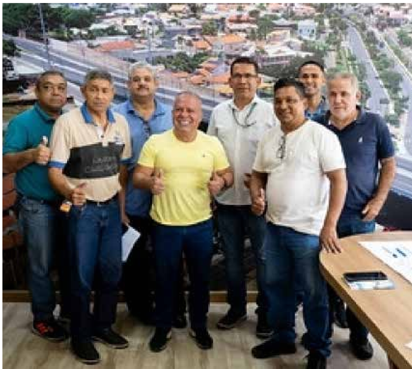
Presidente Chico 2000 alinhou detalhes de audiência pública durante encontro com líderes comunitários
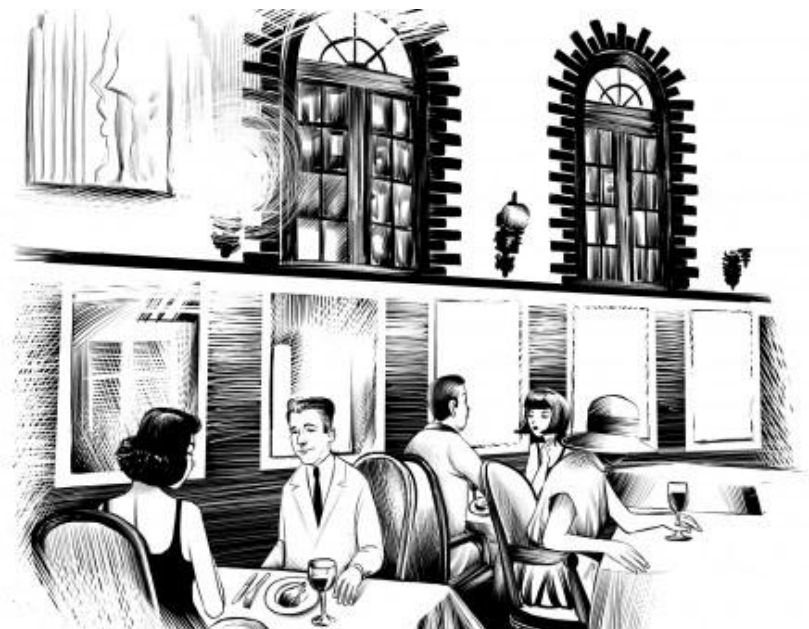
FIGURA 7 - A imagem acima mostra um desenho do Lamas da Paladar do Jornal Estadão

O estabelecimento assistiu, entre outros momentos e fatos históricos, a uma mudança de sistema de governo (de monarquia para república); ao fim da escravidão; à troca da capital federal; a duas longas ditaduras e a nove moedas diferentes. Na sede original, conheceu longas fases de boemia, com direito a mesas de sinuca nos fundos. Teve frequentadores como Rui Barbosa, Di Cavalcanti e Oscar Niemeyer.
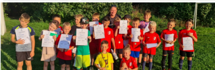
Ablegung DFB Fußball Abzeichen am 23.08.2023 und Trainingscamp F-Jugend
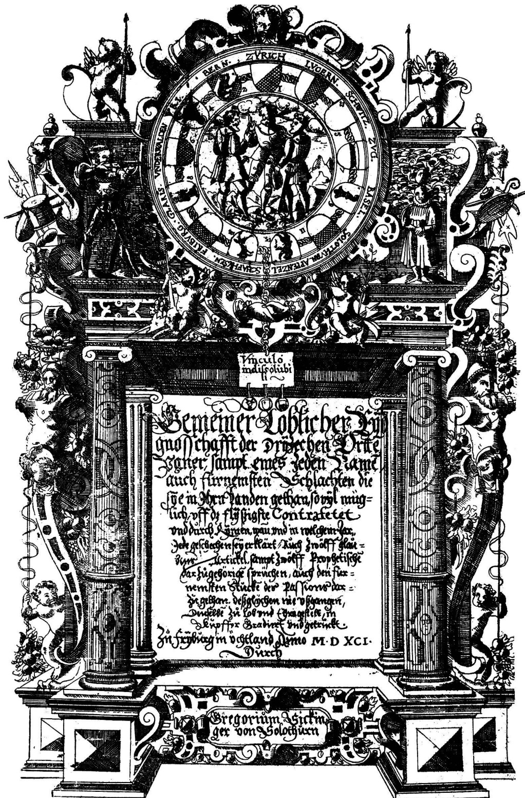
Gregorius Sickingher, 1591. Titelblatt zur radierten Folge der Bannerträger
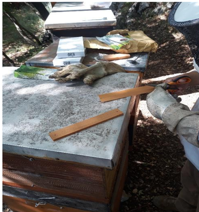
Izvor 17: Vlastita fotografija

==============================

Beginning with the line that holds "O estabelecimento assistiu, entre", extract every line to the end of the material, exactly as it stands, and drop the pictures.

** Response to the task **
O estabelecimento assistiu, entre outros momentos e fatos históricos, a uma mudança de sistema de governo (de monarquia para república); ao fim da escravidão; à troca da capital federal; a duas longas ditaduras e a nove moedas diferentes. Na sede original, conheceu longas fases de boemia, com direito a mesas de sinuca nos fundos. Teve frequentadores como Rui Barbosa, Di Cavalcanti e Oscar Niemeyer.
Ablegung DFB Fußball Abzeichen am 23.08.2023 und Trainingscamp F-Jugend
Gregorius Sickingher, 1591. Titelblatt zur radierten Folge der Bannerträger
Izvor 17: Vlastita fotografija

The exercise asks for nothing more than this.